What are the risks of bringing in an outside CEO to run the family business?

Business Leader Post, November 8, 2013

Thomas D. Davidow, Ed.D.

The expertise of the individual’s skill set and his or her years of experience are clearly important assets. Outside experience can bring a different perspective to the business and can provide tremendous value, if that experience and perspective are implemented. The key word here is if. The biggest risk is that the outsider will get pulled into the family dynamic. Family member/managers, like many other professional managers, can disagree on a number of business philosophies, methods, procedures, etc. However, in the family business, those disagreements can take on an additional level of emotion because of the family dynamic that exists beneath the business disagreement.

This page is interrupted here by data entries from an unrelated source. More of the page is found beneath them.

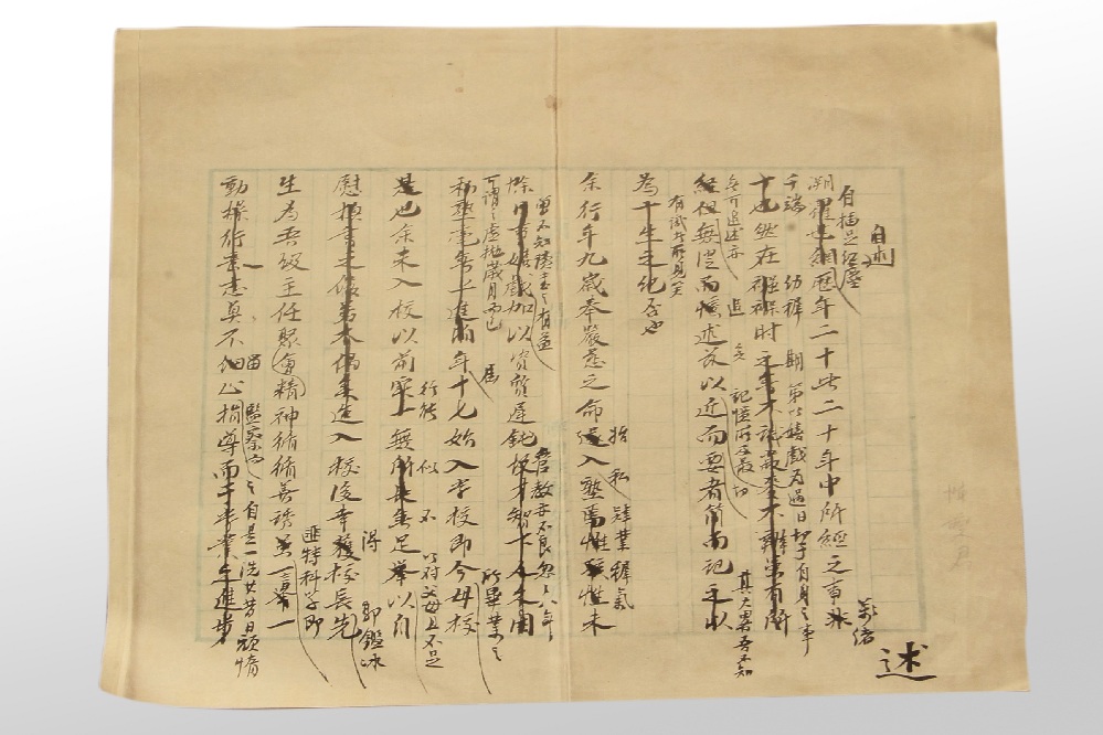 展出的这份《自述手稿》仅有四页,毛笔写成,笔迹秀逸而有力,陈铁军从幼年写起,写下了20年的人生经历。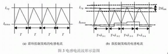 如圖2所示為一種常見的DC/DC控制策略——滯環控制策略。該控制策略限定了電感電流波動的最大值ITop和最小值Ibotton,電感電流波形如圖3a所示。此時,電感電流為周期的,變換器有固定的開關周期T。設電感電流為ILp(t),則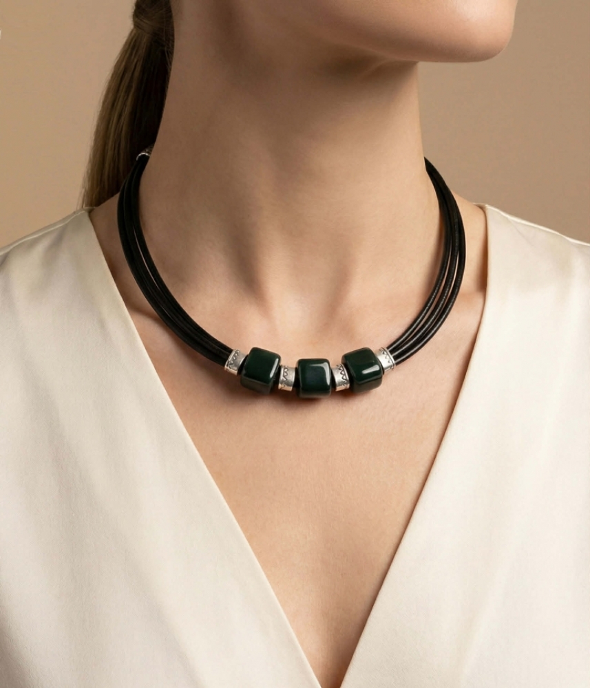 Дамско колие Cubic с наситени керамични кубчета.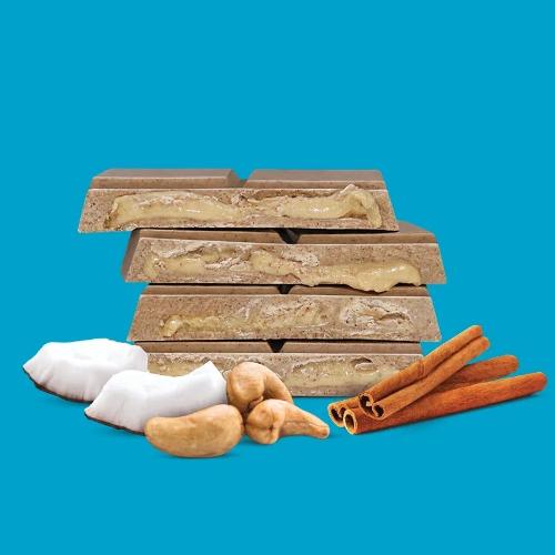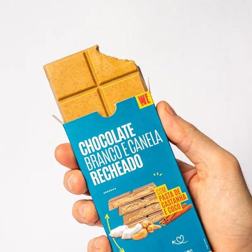 Pensando nisso, a We Nutz fez um chocolate totalmente vegano, à base de plantas, sem conservantes, sem lactose e sem adição de açúcar refinado e que consegue ser tão saboroso quanto o tradicional sendo uma versão saudável e natural. Nessa versão a WeNutz criou uma combinação do chocolate branco sem açúcar com a canela que traz um perfume delicioso. Para o recheio, mantivemos a filosofia do "menos é mais" e com apenas 5 ingredientes criamos uma obra prima. Recheado de pasta de castanha de caju super cremosa, com pedaços de coco e um toque de sal do Himalaia pra dar um up no sabor.

The outsider, when faced with this dilemma, frequently begins to drift towards agreeing with one family member versus the other. S/he may drift towards the one s/he is most comfortable with, or who s/he perceives has the most influence or who s/he agrees with more often than not. Having lost a neutral perception, the outsider can then move from making sound business judgments to favoring one family member and excluding the other, thereby escalating family conflict and bringing the business into a risky situation.

Be careful. It is your responsibility to inform the outsider of underlying family issues and to have ongoing meetings and communication about those issues in order to clear the air continually. Absent that, everybody loses, including the outsider.